Le pilote Ferrari a expliqué qu’après la période de Safety Car, une seule de ses quatre roues freinait normalement. Selon lui, le frein avant gauche fonctionnait bien, l’avant droit ne marchait qu’"à moitié" et les deux freins arrière ne fonctionnaient "pas du tout". Leclerc a précisé que, dans les données, "il n’y a aucune décélération du tout", au point que c’était "comme si les étriers n’étaient même pas sur la voiture".

L’incident a conduit les officiels à s’intéresser à l’état de la piste, puis à interrompre la course au drapeau rouge après les sorties de Lance Stroll et de Leclerc dans la même zone. Leclerc, lui, a rejeté l’idée que la surface soit l’explication centrale. Au micro de Sky Sports F1, il a reconnu que "ça n’aide pas d’avoir de l’asphalte qui s’arrache", mais il a insisté sur le fait que "les données parlent d’elles-mêmes".

Le Monégasque a aussi décrit un comportement de freinage devenu impossible à gérer. Il a expliqué que les freins avant mordaient beaucoup plus fort qu’attendu, tandis que l’arrière n’apportait "aucune décélération", comme s’il n’avait tout simplement "pas de freins arrière". Il a ajouté avoir essayé plusieurs réglages dans la voiture pour corriger le problème, sans succès, et que la seule autre option à Antony Noghès aurait été de ne pas freiner du tout, ce qui l’aurait envoyé au crash au virage 1.

Leclerc a replacé cet accident dans un problème plus large. Il a dit traîner cette sensation de freinage inconsistant depuis déjà deux courses, en citant le Canada et tout son week-end monégasque. En qualifications, il avait déjà parlé de freins "extrêmement inconsistants" et dit qu’il "galérait énormément". Avec des pneus froids, peu d’adhérence et des pneus plus sensibles à la limite, il a décrit la situation comme "un cauchemar absolu".

Sa colère après l’abandon reflétait autant la frustration que la gravité du problème. Toujours à Sky Sports F1, Charles Leclerc, pilote Ferrari, a déclaré : "J’ai l’air d’un idiot, et quand on a l’air d’un idiot à cause d’une erreur qu’on a faite soi-même, ce n’est pas grave, mais là, c’est à la limite du dangereux." Il a ajouté qu’il a toujours essayé d’être honnête face aux caméras et qu’il n’allait "rien prendre" pour lui cette fois.

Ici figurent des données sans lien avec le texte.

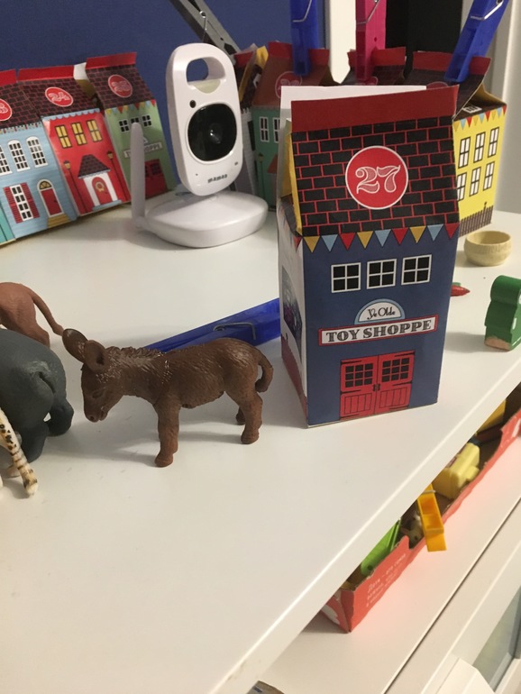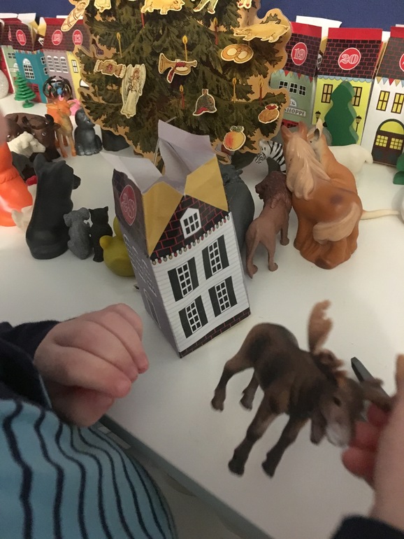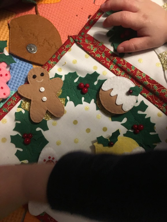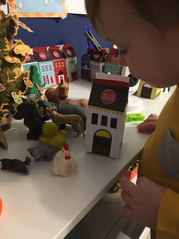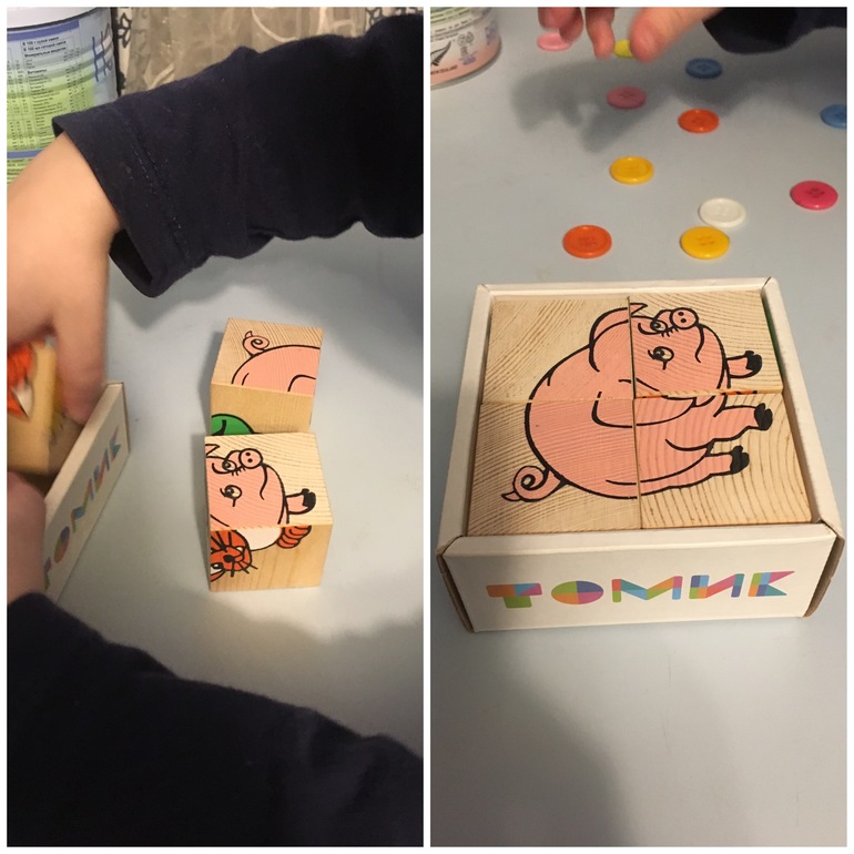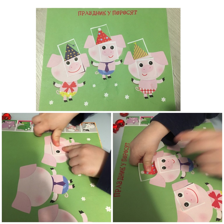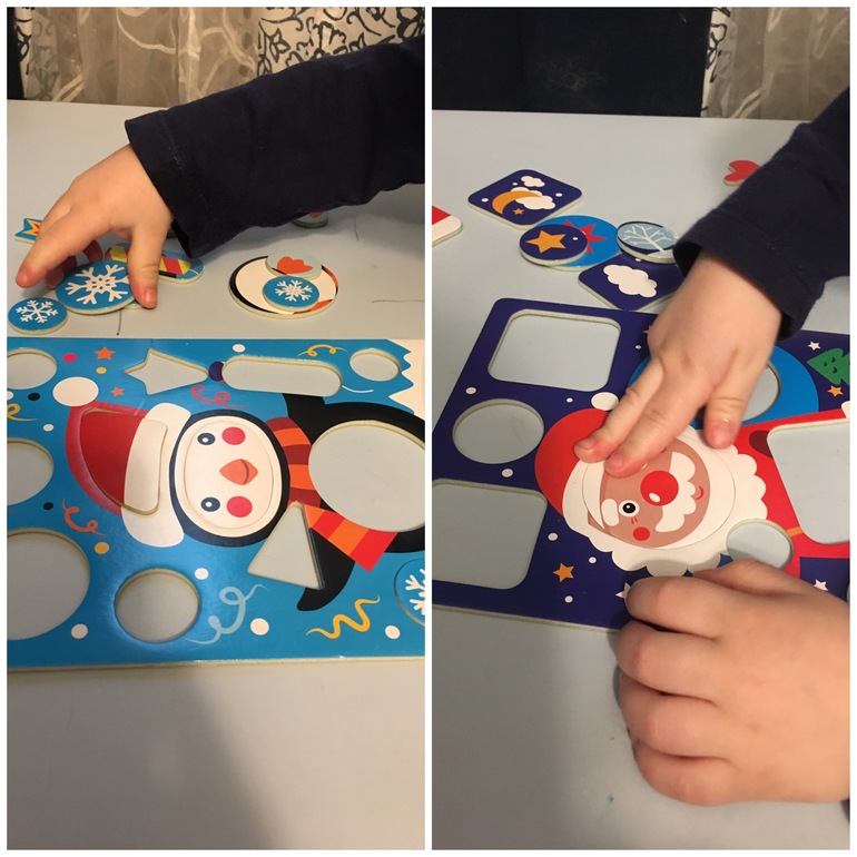 В домиках лежали мармеладки и игрушки для ёлочки. Ваня сам выбирал, что хочет делать. Пособирал магкие пазлы
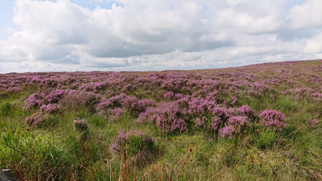 Aimee fell into that classic trap for first time hikers, where you get to the top of one hill only to see you still have a climb to go. She groaned at the sight of the peak. I ogled the heather for it was looking very purple.
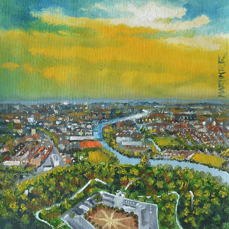 L'artiste a utilisé la technique Huile pour créer cette peinture petit format sur Toile de style Figuratif sur le thème Urbain.
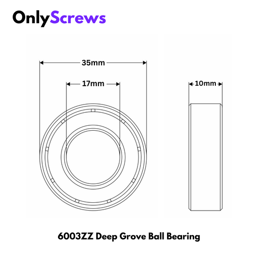 6003 ZZ - Deep Groove Ball Bearing (ID:17mm OD:35mm T:10mm)
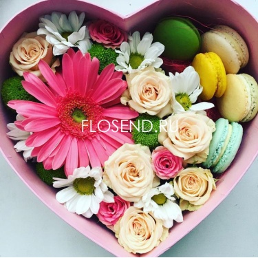 Цветы и макаронс маме в коробке сердце
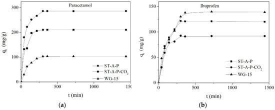 Adsorption kinetics for paracetamol, ibuprofen, and naproxen on ST-A-P, ST-A-P-CO2, WG-15 are shown in Figure 6a–c. The adsorption equilibrium was settled after 360 min for all the studied pharmaceuticals.
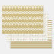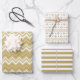 Here's a pretty gold and white Holiday series of wrapping paper. One paper has a fashionable bold chevron stripe pattern. One has a gold snowflakes design in a stripe pattern on a white background.The third paper has a modern gold and white stripe pattern. All the colours coordinate beautifully together.
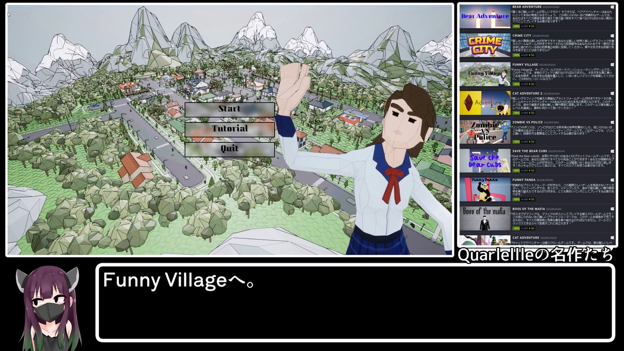 Quarlellleのゲームをやると言い知れぬ陶酔感に襲われます。死に瀕した際のモルヒネ代わりにお勧め。<br><br>■コレ<br><a href="https://store.steampowered.com/app/1917840/Funny_Village/" target="_blank" rel="noopener nofollow">https://store.steampowered.com/app/1917840/Funny_Village/</a><br><br><a target="_blank" href="https://qa.nicovideo.jp/faq/show/19424?site_domain=default" style="font-size: 13px;color: #657586; text-decoration: underline; line-height: 1.4">この動画は投稿者によって修正されました</a>

Ferrari pense toutefois avoir déjà identifié la parade. Leclerc a dit que l’équipe avait "la solution en interne" et qu’à partir de la prochaine course, à Barcelone, il passera à "la configuration de Lewis" pour le freinage, en référence à la direction de réglage utilisée par Lewis Hamilton. Il a expliqué que cette solution doit avant tout lui rendre la constance qui lui manque actuellement, tandis que Fred Vasseur et Jerome d’Ambrosio ont, selon lui, examiné les données et confirmé qu’il n’y avait "aucun doute" sur le diagnostic.